To explain how this process works, Ryan gave one example of a father who frequently made negative comments about gay men in front of his son, referring to them as “faggots” or “fairies.”

“He said, ‘I wish I’d never made those comments, but I did and I know it makes my son think I disapprove of who he is. But that’s in the past and I can only change it now,’” she said.

Ryan said she came to Utah in August because she has worked extensively with LDS families, whom she describes as, overall, “very responsive to the project and our findings.”

“I think it’s because families are important [in LDS culture] and our approach is respectful,” she said.

Ultimately, Ryan said the Family Research Project has several goals. Along with conducting studies on other populations (such as black and Asian-American families) and continuing with the interventions, the project is developing materials for social service agencies, pediatricians and other offices that regularly work with families and their children.

“One of the very interesting responses we had regardless of education level or ethnic group was that all families should have this information, but they didn’t get it anywhere,” she said. “They felt it was really important that the information from this research be available to pediatricians, in prenatal classes.”

She said she will also spread the project’s findings through future academic papers, policy and practice related materials for child welfare agencies who work with homeless gay and transgender youth, and even family education materials such as videos and booklets geared towards families of all religions and ethnicities.

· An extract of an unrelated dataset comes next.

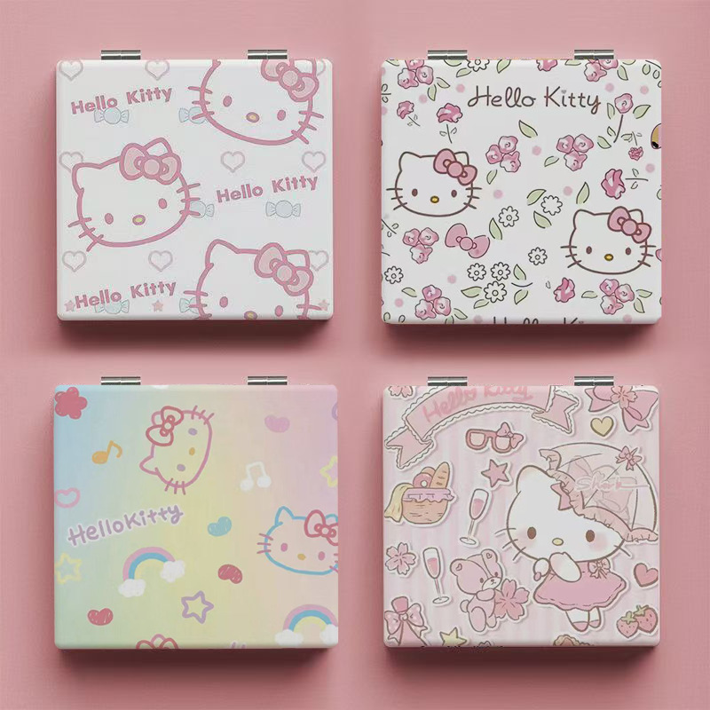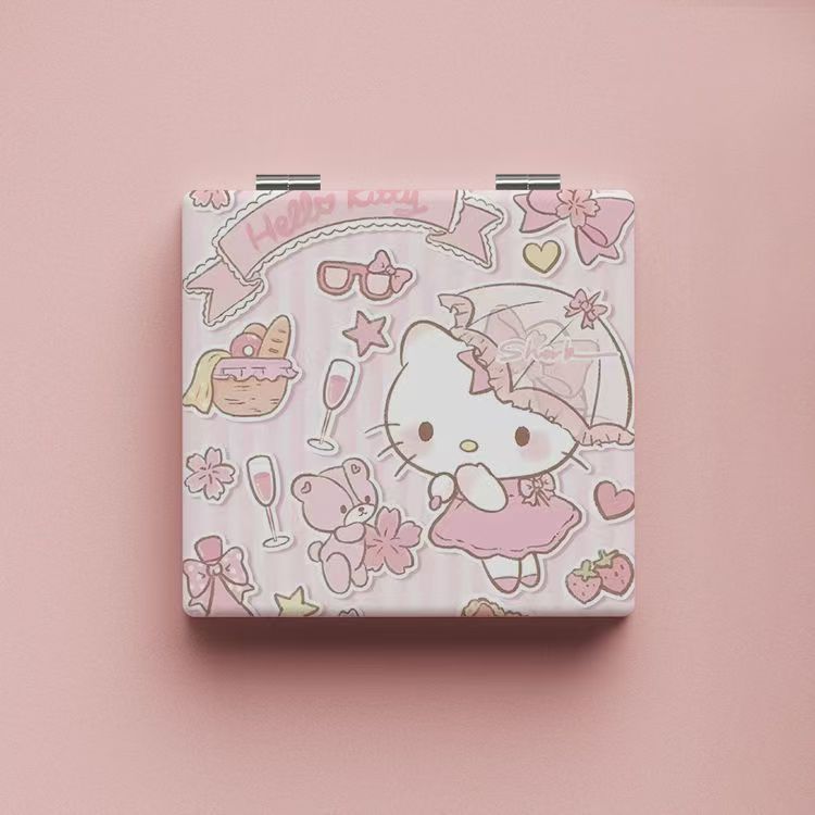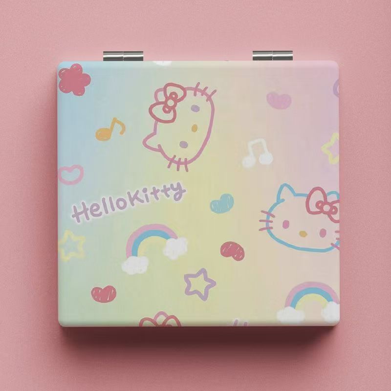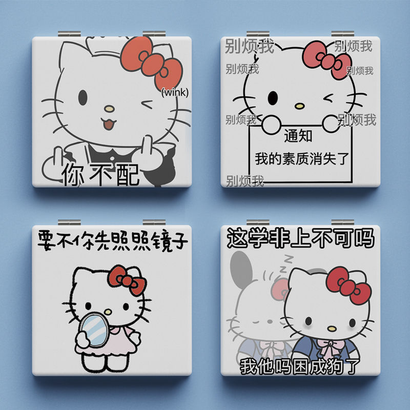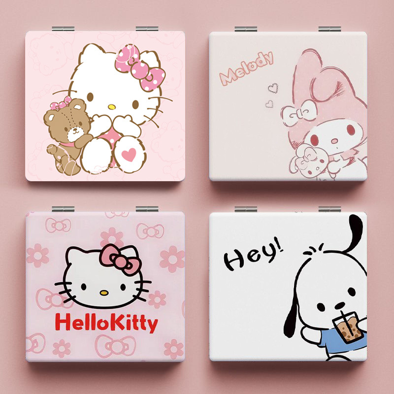 サンリオ折りたたみ式化粧鏡携帯用ハンドヘルド補正鏡漫画風正方形小型鏡かわいいギフト鏡

And while families who participate in the project may not alter their behavior overnight, Ryan said she is hopeful that the Family Acceptance Project can help parents and other caregivers do the right thing for the gay and transgender children in their care.

“My aim is to empower family members with this information so they can do what they need to do to help their children,” she said. “The word I use is support. I tell them that they can still support their child while decreasing some of those behaviors that put their child at a very high risk.”